# [Task to carry out]
Which of the lines in the records below hold the string "Absolventen"? Copy every one of them.

# [Supplied data]
☆ ☆ ☆ ☆
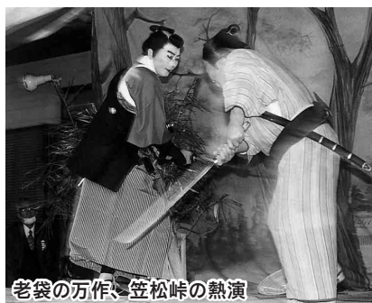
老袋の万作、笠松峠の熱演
☆ ☆ ☆ ☆
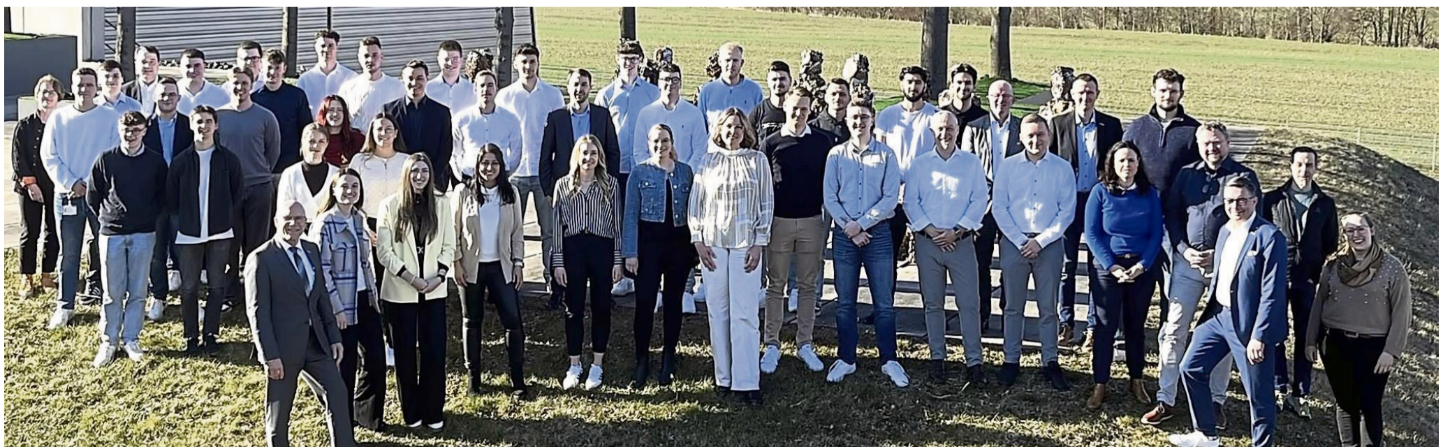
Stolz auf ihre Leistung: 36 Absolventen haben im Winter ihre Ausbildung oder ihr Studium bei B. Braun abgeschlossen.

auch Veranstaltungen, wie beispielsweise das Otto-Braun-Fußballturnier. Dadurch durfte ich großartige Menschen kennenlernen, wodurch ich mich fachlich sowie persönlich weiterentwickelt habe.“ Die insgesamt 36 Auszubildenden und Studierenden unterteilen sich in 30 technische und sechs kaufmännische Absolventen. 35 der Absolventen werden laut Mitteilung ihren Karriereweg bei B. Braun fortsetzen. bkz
☆ ☆ ☆ ☆
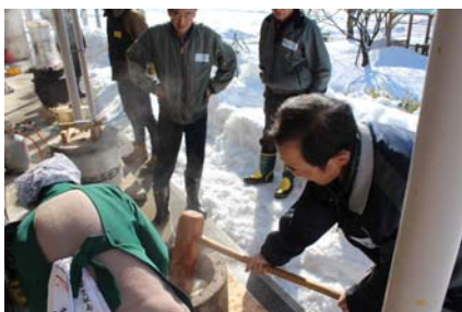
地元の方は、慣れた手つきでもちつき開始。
☆ ☆ ☆ ☆
# [Exercise solution]
Stolz auf ihre Leistung: 36 Absolventen haben im Winter ihre Ausbildung oder ihr Studium bei B. Braun abgeschlossen.
auch Veranstaltungen, wie beispielsweise das Otto-Braun-Fußballturnier. Dadurch durfte ich großartige Menschen kennenlernen, wodurch ich mich fachlich sowie persönlich weiterentwickelt habe.“ Die insgesamt 36 Auszubildenden und Studierenden unterteilen sich in 30 technische und sechs kaufmännische Absolventen. 35 der Absolventen werden laut Mitteilung ihren Karriereweg bei B. Braun fortsetzen. bkz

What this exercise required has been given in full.